In addition, a hypoxia-inducible factor (HIF)-prolyl hydroxylase (HIF-PHD) inhibitor has been developed as a therapy for renal anemia [69]. The pharmacological activation of HIF regulates a variety of genes, including Epo, leading to hematopoiesis. Other than hematopoiesis, the HIF-PHD inhibitor has also been shown to ameliorate AKI in rodent experimental models [70], including I/R-induced and drug-induced models with cisplatin, gentamicin, and lipopolysaccharide (LPS). These protective mechanisms include anti-apoptosis via miR-21, anti-inflammation by macrophage reduction, reduced VCAM1, up-regulation of angiogenesis via VEGF up-regulation, and anti-oxidative stress via up-regulation of Heme Oxygenase 1 (HO-1) [70]. As shown with increases in miR-21, these effects may be mediated at least partly via regulation of miRNAs.
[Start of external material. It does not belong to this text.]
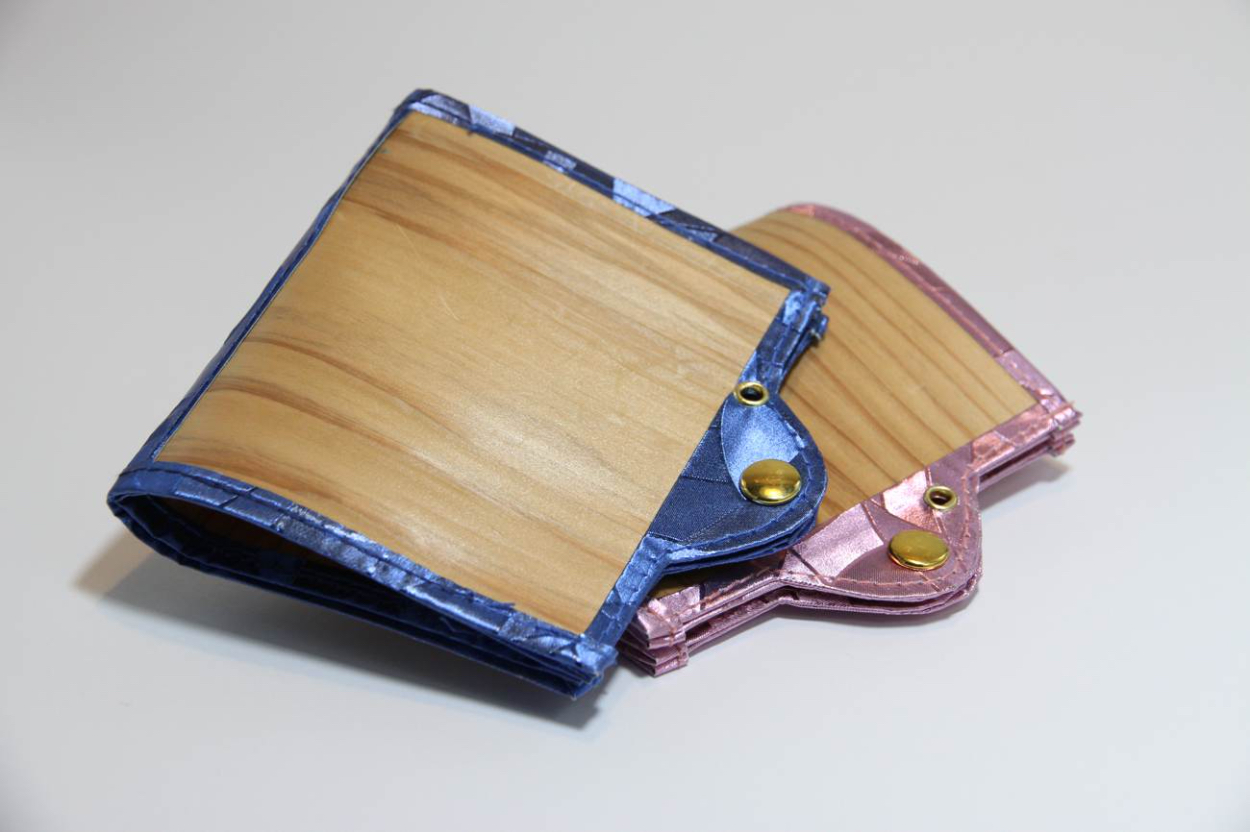 特殊な加工を施し薄くスライスした天然杉シートの裏に麻生地を貼り付けることで、柔軟性や強度を持たせています。もともとウィルス不活性効果の高い杉を素材に菌を寄せ付けない塗装を施しているので、ウェットティッシュなどで簡単に除菌メンテナンスが可能。

Indeed, it is reported that kidney ischemia activates HIF-1α, which in turn up-regulates miR-21, leading to anti-apoptosis through the suppression of pro-apoptotic factor programmed cell death protein 4 (Pdcd4) and phosphatase and tensin homolog deleted from chromosome 10 (PTEN) [71]. HIF1 also increases miR-668 expression, which targets mitochondrial fission process protein 1 (MTP18), leading to the protection of kidney tubular cells via mitochondrial dynamics under ischemic AKI in humans and mice [72]. Activation of HIF also increases miR-489, leading to anti-apoptosis in kidney tubular cells during ischemic AKI though targeting repair sensor poly(ADP-ribose) polymerase 1 (PARP1) [73]. Taken together, these data suggest that the regulation of miRNA might be a novel and specific therapy against AKI.

4.2. Therapeutic Targeting of miRNAs for AKI

4.2.1. Overview of Therapeutic miRNA Target for AKI

Some of the most important evidence regarding miRNAs in AKI was reported in 2010, where knockouts of tubular miRNAs were analyzed in the rodent model [74]. The loxp-cre system was used to produce mice lacking Dicer, a key enzyme for miRNA production, predominantly in kidney proximal tubular cells by crossing with phosphoenolpyruvate carboxykinase (PEPCK)-cre mice. The mice showed global down-regulation of miRNAs in the kidney cortex and had normal kidney function and histology under normal conditions. Importantly, the mice were resistant to renal ischemia-reperfusion (I/R) injury, demonstrating the involvement of miRNAs under AKI. Since then, there has been accumulating evidence supporting miRNAs as potential therapeutic targets in AKI. Several miRNAs have been reported to have protective and/or pathogenic roles in AKI, regulating tubular apoptosis, tubulointerstitial fibrosis, and inflammation in a variety of etiologies of AKI, including ischemia, drug, and sepsis. Some miRNAs have common gene targets. For example, miR-30 and miR-26a target Snai1, regulating epithelial–mesenchymal transition (EMT), while miR-21, miR-17, miR-188, and miR-378 target PTEN, which is implicated in cell apoptosis, proliferation, inflammation, and fibrosis [27]. The potential therapeutic targets of miRNAs for AKI are summarized in Table 2.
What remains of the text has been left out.